安装完 transformers 库后，我们通过一些示例（包含 HuggingFace 以及 vLLM 部署）来快速了解下 Qwen2 的使用。

1. HuggingFace & ModelScope Transformers¶

要快速上手 Qwen2，我们建议您首先尝试使用 transformers 进行推理，请确保已安装了 transformers>=4.40.0 版本。以下是一个非常简单的代码片段示例，展示如何运行Qwen2-Instruct 模型，其中包含 Qwen2-7B-Instruct 的实例：

from transformers import AutoModelForCausalLM, AutoTokenizer  # (1)!


device = "cuda"
model = AutoModelForCausalLM.from_pretrained(
    "Qwen/Qwen2-7B-Instruct",
    torch_dtype="auto",
    device_map="auto"
)
tokenizer = AutoTokenizer.from_pretrained("Qwen/Qwen2-7B-Instruct")

# 不同于以前使用 的`model.chat` 方法，现在我们使用 `model.generate` 方法
# 但是我们需要先使用 `tokenizer.apply_chat_template` 方法来格式化输入
prompt = "Give me a short introduction to large language model."
messages = [
    {"role": "system", "content": "You are a helpful assistant."},
    {"role": "user", "content": prompt}
]
text = tokenizer.apply_chat_template(  # (2)!
    messages,
    tokenize=False,
    add_generation_prompt=True
)
model_inputs = tokenizer([text], return_tensors="pt").to(device)

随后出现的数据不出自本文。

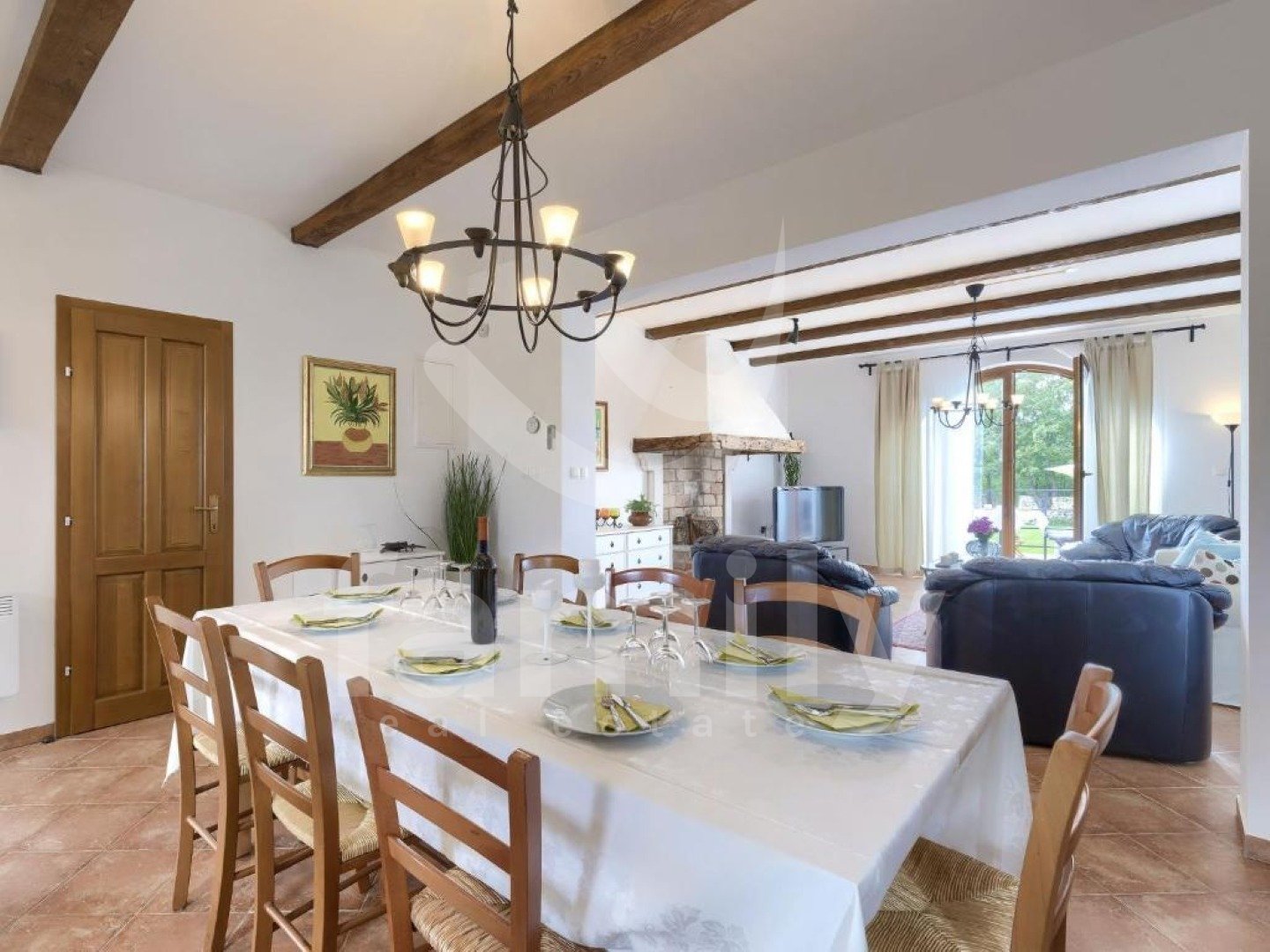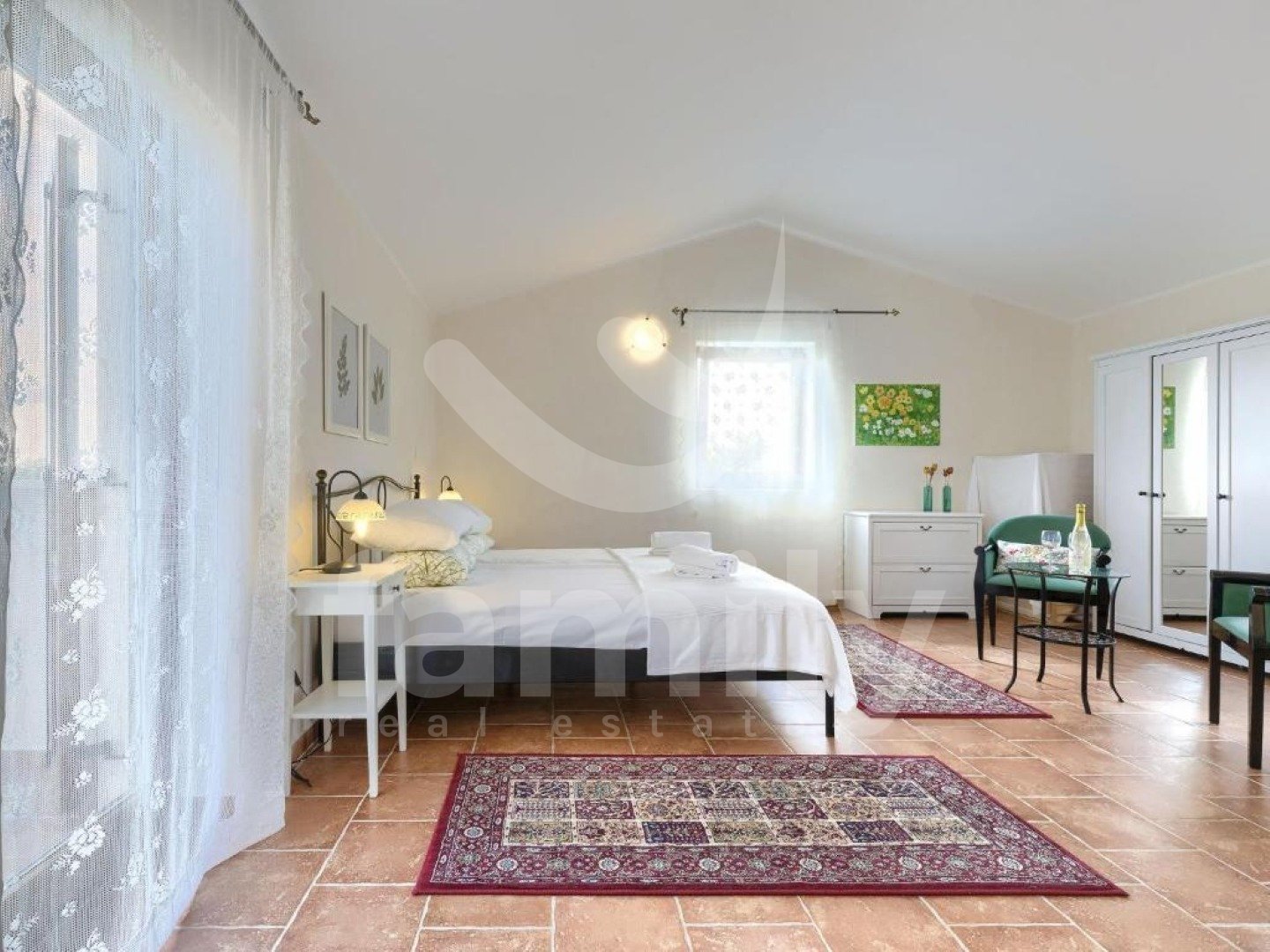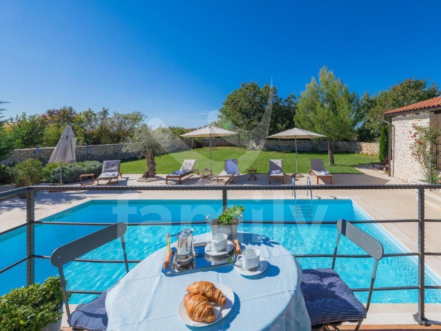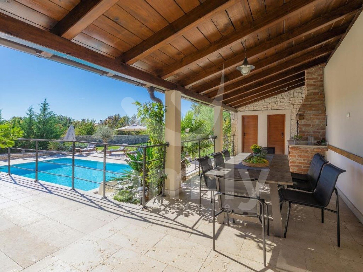 eptionally quiet location, which offers complete privacy and harmonious coexistence with nature on a plot of 1,527 m². The property has a total living area of 220 m² and is spread over two floors and exudes warmth, elegance and a carefully designed layout. On the ground floor there is a spacious living room with a fireplace, connected to the dining room and kitchen in an open space concept, from which you can exit to a covered terrace with a summer kitchen, a built-in barbecue and an outdoor dining area - the perfect place to enjoy the view of the pool and greenery. On the same floor there is also one bedroom with its own bathroom and access to the terrace. On the first floor there are three spacious bedrooms, each with its own bathroom and terrace, which offer a captivating panoramic view of nature and the sea. All rooms are air-conditioned, ensuring maximum comfort throughout the year, and the floors throughout the building are covered with high-quality ceramics. A special value for this property is given by the carefully landscaped garden with a 24 m² swimming pool, a sunbathing area and a landscaped beach, as well as rich horticulture with automatic irrigation. The property is completely fenced, mostly with indigenous dry stone walls, which further emphasizes authenticity and privacy. There is also a spacious parking lot and a landscaped children's playground. Buying a stone house on a large plot of land in Svetvinčenat represents a combination of authentic Istrian charm and a modern way of life. Traditional stone construction provides special warmth, durability and timeless aesthetics, while the spacious plot ensures peace, privacy and numerous design options - from a swimming pool and garden to additional amenities for enjoyment. This location offers the perfect balance between nature and accessibility - you are surrounded by greenery and silence, and at the same time a short distance from the sea and larger cities. This is precisely why such properties are highly sought after both for personal vacations and as an investment in tourist rentals. A large garden further increases the value of the property, providing the freedom and comfort that is increasingly sought after today – whether for family life, an escape from the city crowds or a luxurious vacation in your own quiet corner of Istria. FOR ALL OTHER INFORMATION CALL: + Danijela Milotić Assistant in mediation
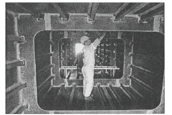 针对水性富锌涂料具有尖锐边缘高收缩性的特性,对于钢构件表面的切割、电焊缝等尖锐边缘实现仔细摸出圆角;对于点焊、铆钉接缝、跳焊部位尖锐边角等,均需采取预涂措施:(1)自由边——钢材自由边上的尖角毛刺,用砂轮打磨至r=2 mm 的圆角;(2)切割边——切割边的峰谷差超过1 mm 时,打磨到1 mm 以下,坚硬的熔渣表面要进行打磨处理;(3)咬边——焊缝上深为0.8 mm以上的咬口,进行补焊处理;(4)飞溅——焊接产生的飞溅要打磨光顺;(5)剥落——钢材表面的剥落,用砂轮修整;(6)凹坑——深度在0.8 mm 以上的要补焊处理;(7)焊缝——焊缝接头,以及表面有2 mm 以上的突出或有锋利突出时,砂轮打磨光顺;(8)切割面——尽管光顺,但是由于非常坚硬不利于喷砂,要先打磨掉表层。重BETVLCTOR伟德登录入口 的涂装工艺,预涂是关键和瓶颈,一般在表面缺陷处理后,马上进入预涂装阶段。图2为“振华”港机在钢梁内部的预涂装,使用的是美国TENEC 环氧厚膜型水性涂料。水性涂料施工中,所有构件的接头等都应紧闭,以免水分进入。预涂工作应十分仔细与到位,这方面教训十分深刻

# 直接使用 `model.generate` 以及 `tokenizer.decode` 方法获取输出
generated_ids = model.generate(  # (3)!
    model_inputs.input_ids,
    max_new_tokens=512  # (4)!
)
generated_ids = [
    output_ids[len(input_ids):]   # (5)!
    for input_ids, output_ids in zip(model_inputs.input_ids, generated_ids)
]

response = tokenizer.batch_decode(  # (6)!
    generated_ids, skip_special_tokens=True
  )[0]

由于 HuggingFace 在国内下载速度慢的问题，我们推荐从 ModelScope 上进行下载，只需要更改为以下代码即可。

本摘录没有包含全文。